Tests were made using LmBench [5]. We also used the informal Linux benchmark of compiling the kernel, which is a traditional measure of Linux performance. The mix of process creation, file I/O, and computation in the kernel compile is a good guess at a typical user load in a system used for program development.
Performance comparisons were made against various versions of the kernel. In our evaluations we compare the kernel against the original version without the optimizations discussed in this paper. This highlights each optimizations alone without the others. This lets us look more closely at how each change affects the kernel by itself before comparing all optimizations in aggregate.
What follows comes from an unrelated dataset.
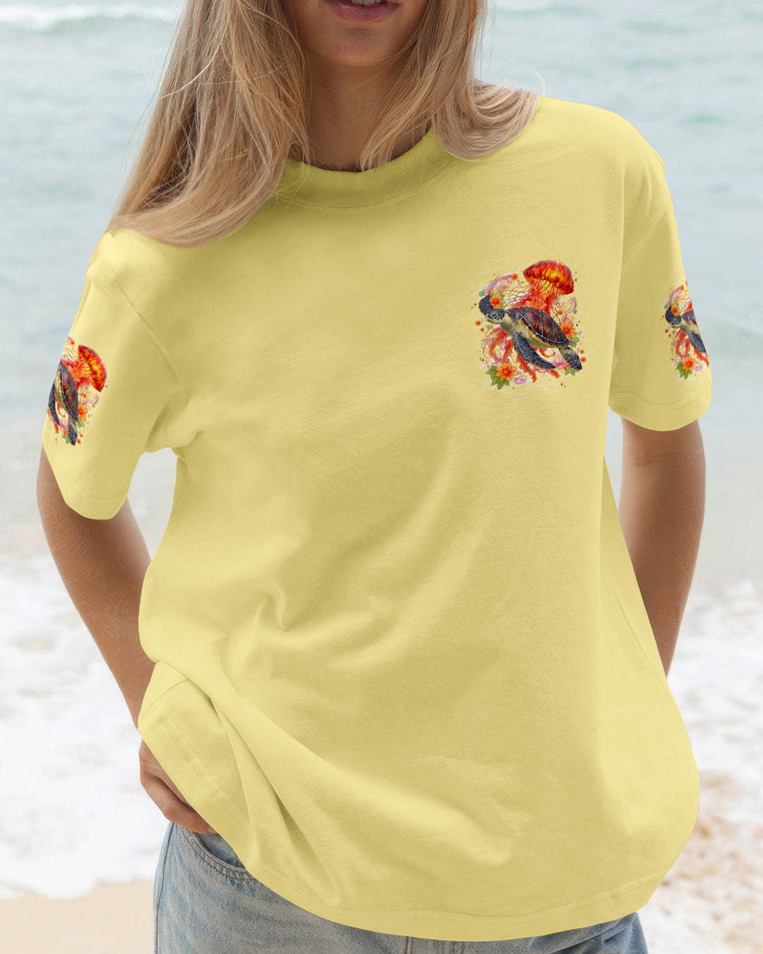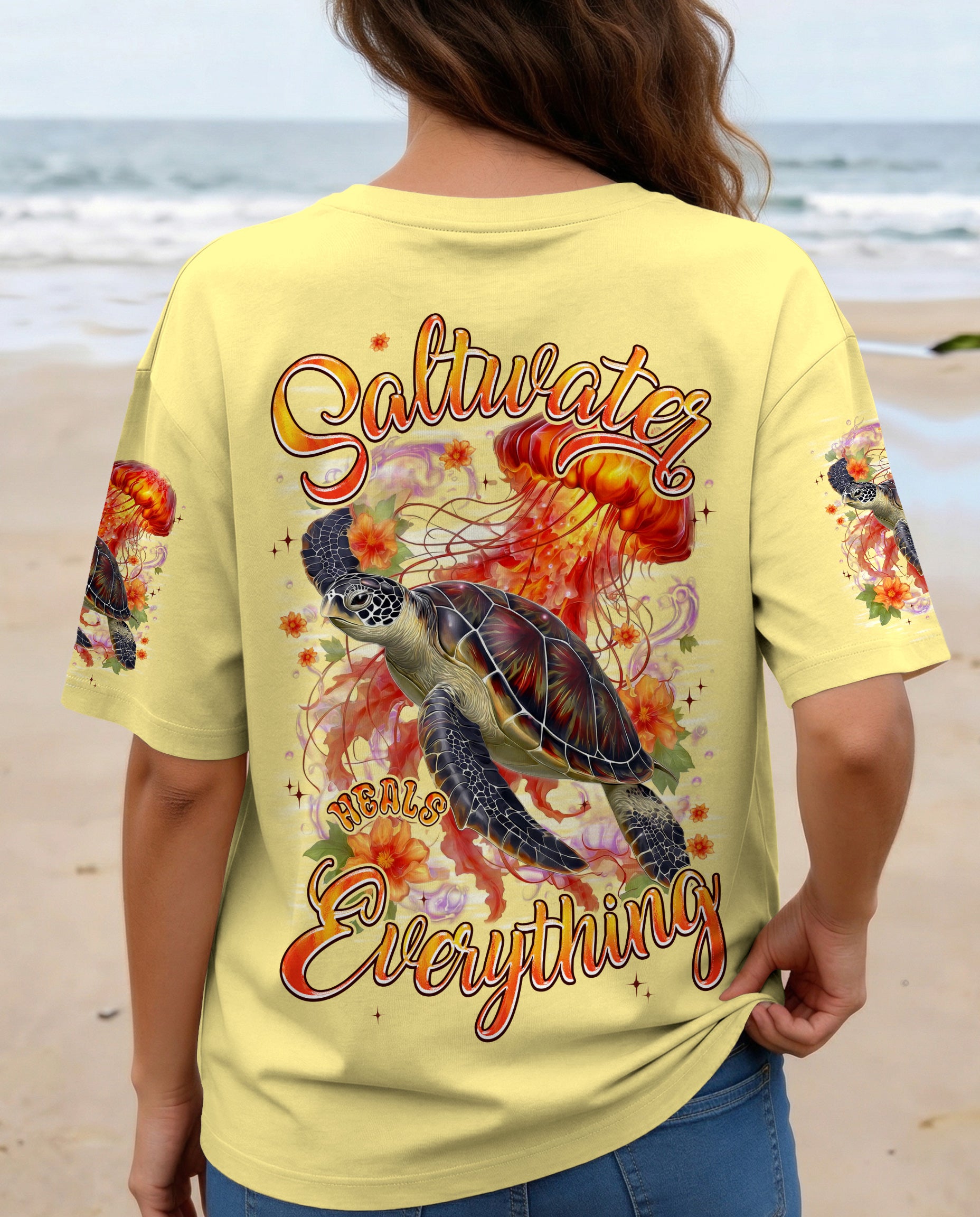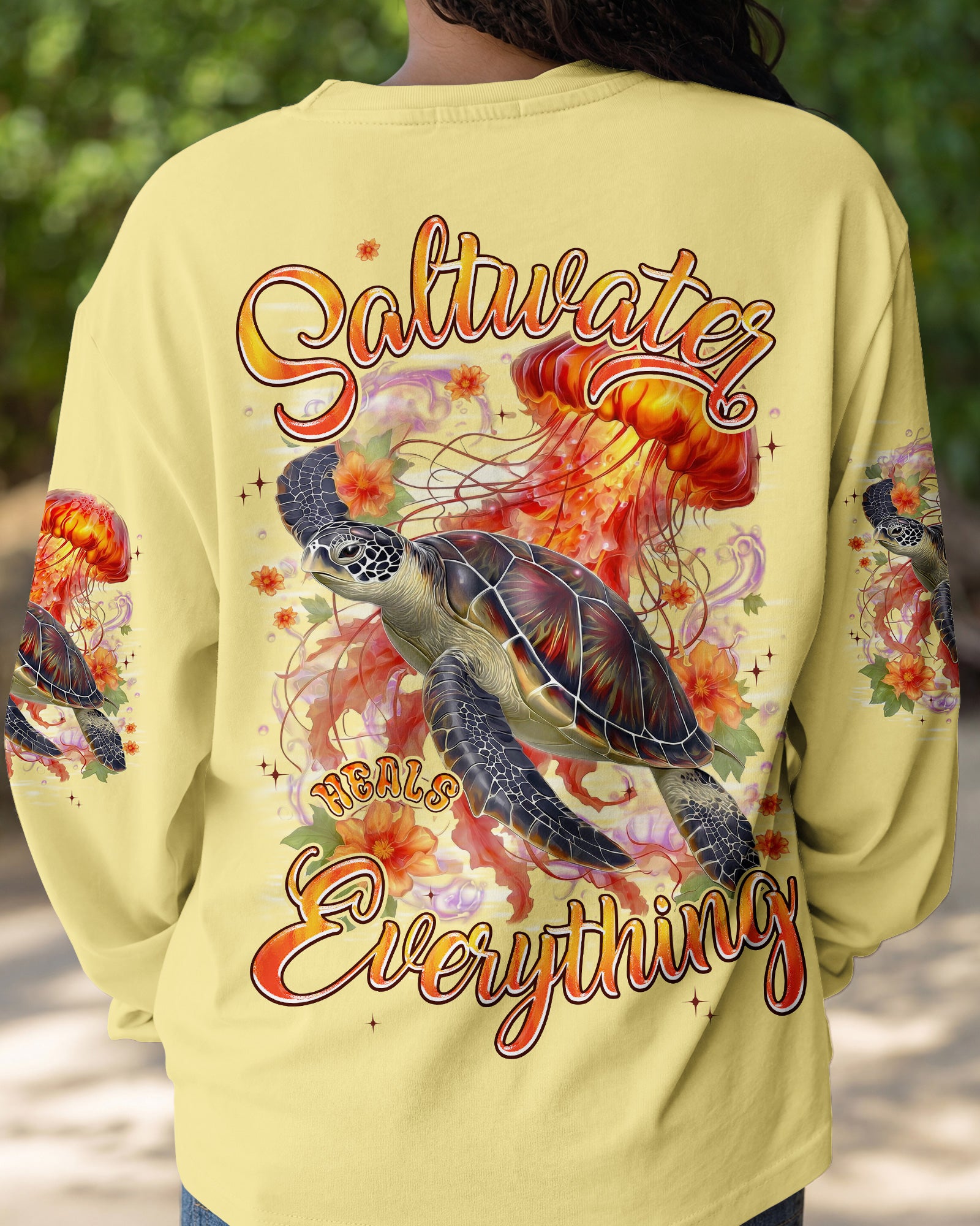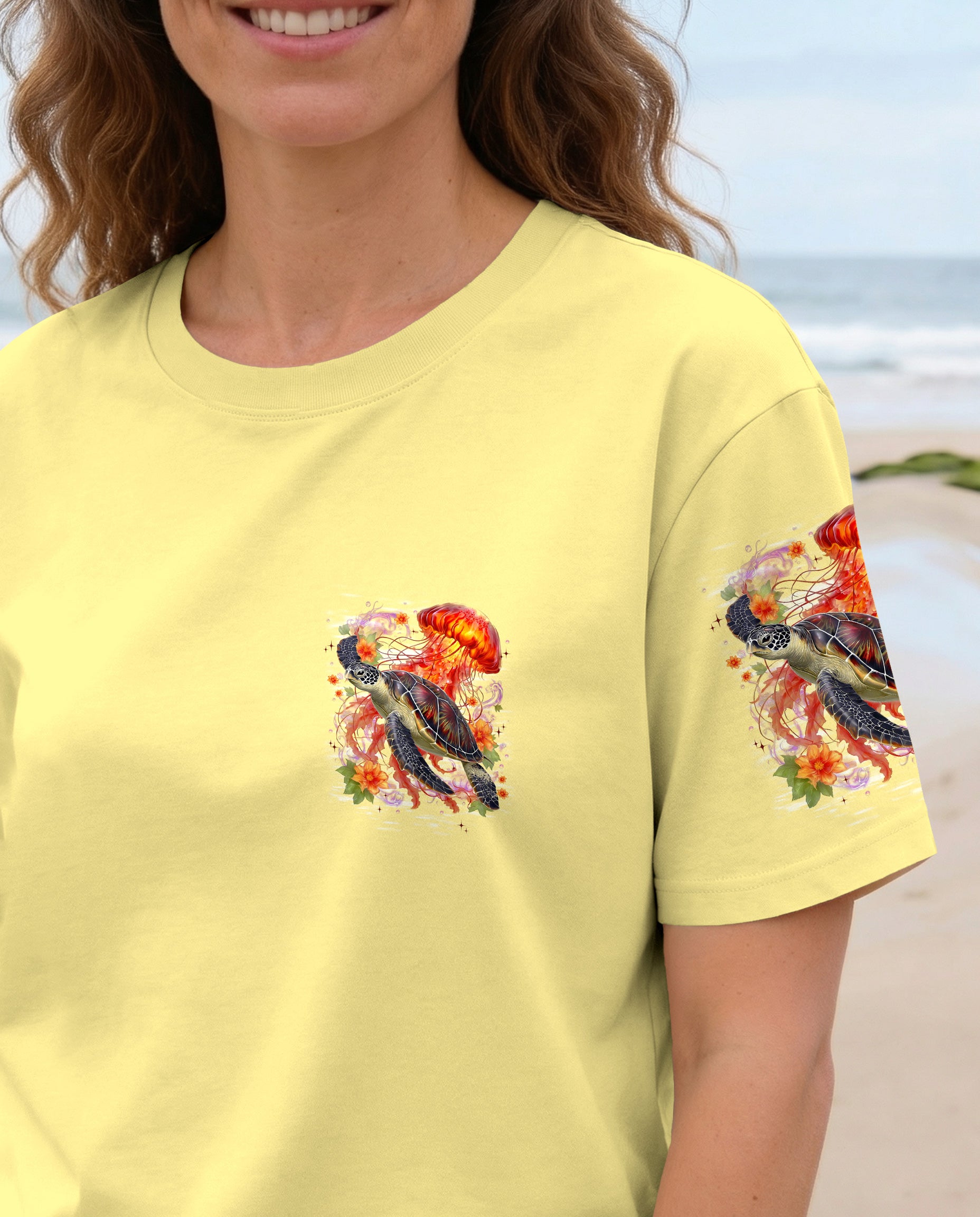 Drift into serenity with this all-over print shirt, where a gentle sea turtle and glowing jellyfish dance gracefully among blooming flowers. Each design element carries meaning—the turtle symbolizes steady healing, the jellyfish embodies softness and flow, while saltwater becomes a soothing force washing away worries. Flowers whisper hope and renewal, reminding us that life blooms even in the deepest waters. Crafted from a premium cotton/polyester and spandex blend, this shirt combines comfort with durability. Advanced dye-sublimation printing delivers vibrant, high-definition color across every panel, with each piece individually printed, cut, and sewn for flawless results. The intricate design showcases delicate color combinations and perfect edges—a wearable work of art that turns heads wherever you go. In this tranquil ocean world, healing feels natural, gentle, and complete. 🌊🐢🪼

This turned out to be very useful as many optimizations did not interact as we expected them to and the end effect was not the sum off all the optimizations. Some optimizations even cancelled the effect of previous ones. So, measurements are relative to the original (unoptimized) kernel versus only the specific optimization being discussed for comparison unless otherwise noted.
Finally, we gathered low-level statistics with the PPC 604 hardware monitor. Using this monitor we were able to characterize the system's behavior in great detail by counting every TLB and cache miss, whether data or instruction. Software counters on the 603 were used to serve in much the same fashion as hardware performance monitoring hardware on the 604, but with a less fine-grained scope.
We make many references to the 603 software versus the 604 hardware TLB reload mechanism. In this context, when we refer to the 604 we mean the 604 style of TLB reloads (in hardware) which includes the 750 and 601.